Hot mix asphalt (HMA) is a composite material which consists of aggregates, air
voids and asphalt materials. The HMA response is typically described to be
viscoelastic-viscoplastic, and its response is a function of temperature, stress/strain rate,
and stress/strain level. Many researches have shown that the viscoelastic response of
asphalt mixtures can be nonlinear once the stress/strain value exceeds a certain threshold
level. This study presents a nonlinear viscoelastic-viscoplastic model for describing the
behavior of asphalt materials under various conditions. A new method is developed in
this study for separating the viscoelastic response from the viscoplastic response.
The first part of this study focuses on the implementation of Schapery nonlinear
viscoelastic model in finite element (FE) using a user-defined material subroutine
(UMAT) within the ABAQUS commercial software. The FE implementation employs
the recursive-iterative integration algorithm, which can improve the convergence and
save the calculating time. The verification of the nonlinear viscoelastic model is
achieved by analyzing (1) the response of asphalt mixtures tested in the Simple Shear Test (SST) at several temperatures and stress levels, (2) the response of unaged and aged
asphalt binders tested in the Dynamic Shear Rheometer (DSR), and (3) the response of
asphalt binders in the multiple stress creep recovery test (MSCR).

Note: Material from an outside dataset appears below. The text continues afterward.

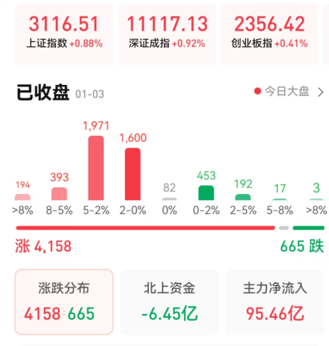 周二(1月3日),A股三大指數(shù)震蕩走強(qiáng)。截至收盤,上證指數(shù)漲0.88%報(bào)3116.51點(diǎn),深證成指漲0.92%報(bào)11117.13點(diǎn),創(chuàng)業(yè)板指微漲0.41%報(bào)2356.42點(diǎn),兩市合計(jì)成交7888億元,北向資金凈賣出6.45億元。總體上看,A股個(gè)股漲多跌少,上漲個(gè)股超4000只。值得關(guān)注的是,今日漲停個(gè)股逾百只,達(dá)116只,跌停個(gè)股有3只。

In the second part of this study, the nonlinear viscoelastic-viscoplastic
constitutive relationship is implemented using UMAT. The viscoplastic component of
the model employs Perzyna’s theory with Extended Drucker-Prager yield surface which
is modified to account for the difference in material response under compression and
extension stress states. The study includes parametric analysis to illustrate the effect of
nonlinear viscoelastic parameters and viscoplastic parameters on the asphalt mix
response. The capability of the model in describing the fatigue and permanent
deformation distresses of asphalt pavements is illustrated using finite element
simulations.
The constitutive model developed in this study can describe the behavior of
asphalt materials (asphalt binder, asphalt mastic and mixtures) under various testing
conditions. This study also achieved the FE implementation of a nonlinear viscoelasticviscoplastic
constitutive model that can simulate the fatigue and permanent deformation
distresses of asphalt pavement structures.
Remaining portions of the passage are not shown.